Select three points where two lines meet in such a way that the triangle that is formed is equilateral and has an area that is as small as possible.
May 27th, 2009 at 2:47 am
Let points A, B, C have coordinates (x1, y1), (x2, y2), (x3, y3) espectively, and let these coordinates be integers. Suppose ABC is an equilateral triangle. Then
|AB|²=|BC|²=|CA|²=s ___ [1]
where s is positive (if s=0, there is no triangle, just one point!) and as small as possible.
Proof 1: By Cartesian coordinates and modular arithmetic.
Let AB=(x, y). Then
s=x²+y²
so
Iff x and y are even, s=0 mod 4, in which case AB, BC, CA all have both coordinates even, so there is a smaller such triangle DEF with DE=AB/2, EF=BC/2, FD=CA/2, contradicting minimality of s.
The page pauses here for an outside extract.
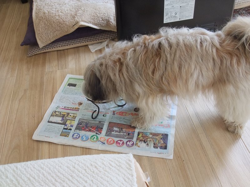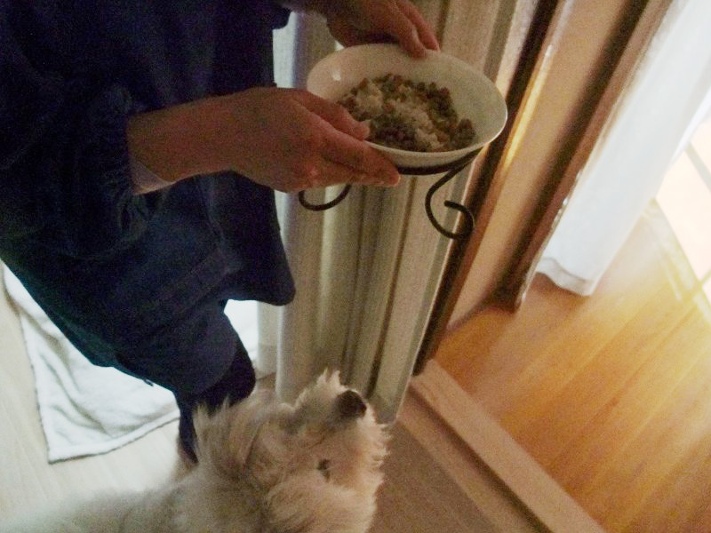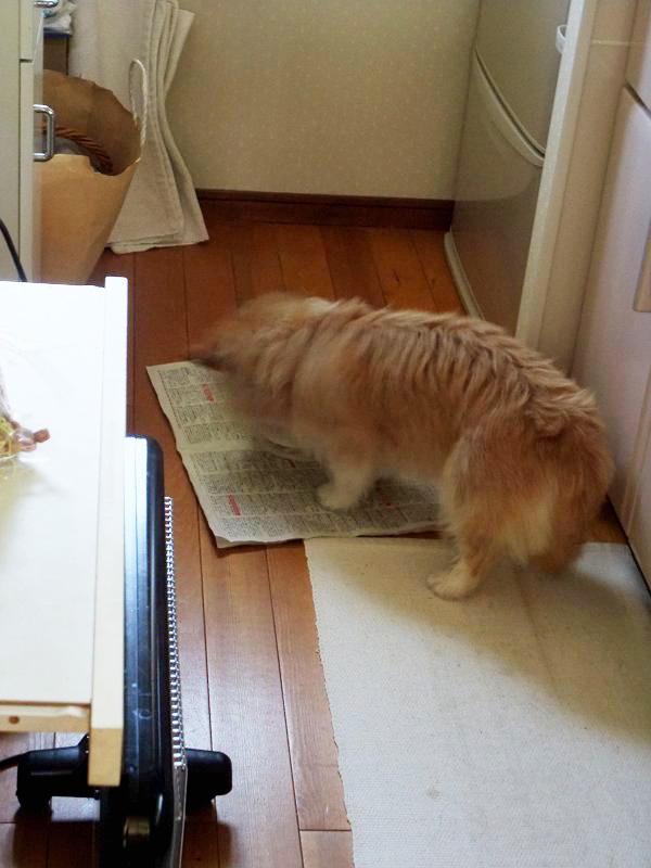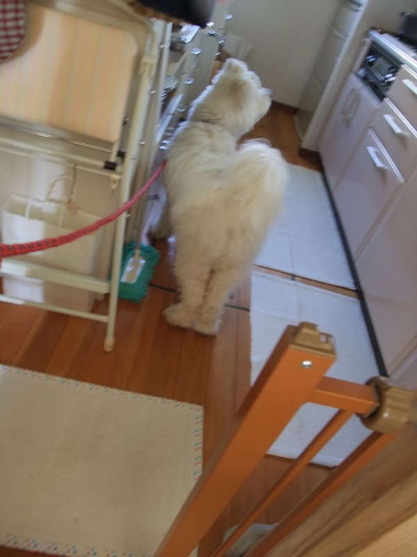 食べ物が絡むと、ラッキーが神経質になるので、ラッキーだけ、台所に隔離してます。

Iff x and y have different parities, s=1 mod 4 iff x+y is odd iff x2-x1+y2-y1 is odd iff x1+y1 and x2+y2 have different parities. But at least two of x1+y1, x2+y2 and x3+y3 must have the same parity, so s cannot be equal to 1 mod 4 and satisfy equation [1].
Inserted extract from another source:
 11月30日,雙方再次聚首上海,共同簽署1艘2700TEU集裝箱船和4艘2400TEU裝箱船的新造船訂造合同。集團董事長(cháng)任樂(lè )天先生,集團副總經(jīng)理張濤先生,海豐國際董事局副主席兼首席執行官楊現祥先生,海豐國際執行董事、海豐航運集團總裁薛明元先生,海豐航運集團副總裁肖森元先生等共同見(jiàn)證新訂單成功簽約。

Iff x and y are odd, s=2 mod 4, in which case x1 and x2 have different parities, as do y1 and y2. But at least two of x1, x2 and x3 must have the same parity, so s cannot be equal to 2 mod 4 and satisfy equation [1].
Thus there are no such points A, B, C.
Proof 2: By trigonometry.
tan(a-b) = [tan a - tan b]/[1 - tan a tan b]
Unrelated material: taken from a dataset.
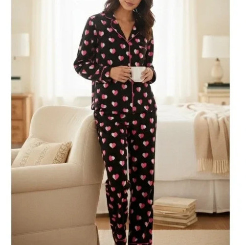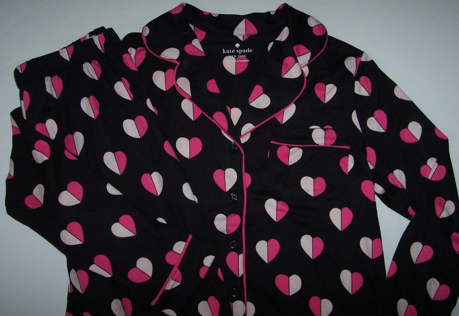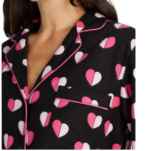 как выглядит NWT Kate Spade New York BLACK/PINK HEARTS Knit Pajama/Lounge Set Women

so if tan a and tan b are rational, so also is tan(a-b).
Let X=A+(1,0). tan XAB and tan XAC are rational.
Then BAC=XAC-XAB=±60° so tan BAC = ±sqrt(3) which is irrational. Thus there are no such points A, B, C.
May 27th, 2009 at 3:50 am
Another trig proof. Notation as before.
Let P be the midpoint of AB. Then the coordinates of P, and therefore of CP, are rational. But CP is perpendicular to AB and |CP| = (sqrt(3)/2) |AB|, so CP’s x and y coordinates are irrational multiples of the rational y and x coordinates (respectively) of AB, and are therefore irrational. Contradiction.
May 28th, 2009 at 1:57 am
I dunno… Sounds more like plain plane geometry to me.
Pick a square. Any square. Label the corners A, B, C, D, left to right, top to bottom. The top of the square is represented by the line AB; the left side represented by AC; the right side by BD; the bottom by CD. There are four possible solutions. First solution: The smallest triangle would be represented by the sides AC, CD, and AD and would be an equilateral right triangle. Rotate the triangle 90 degrees clock-wise (or counter clock-wise) to get the other three.
May 28th, 2009 at 1:58 pm
Nick, the triangle must be equilateral.
Typo in my first trig proof: one equation should read:
tan(a-b) = [tan a - tan b]/[1 + tan a tan b]
May 29th, 2009 at 7:14 am
Richard,
Oops…
Somehow I got fixed on the idea of an Isosceles triangle.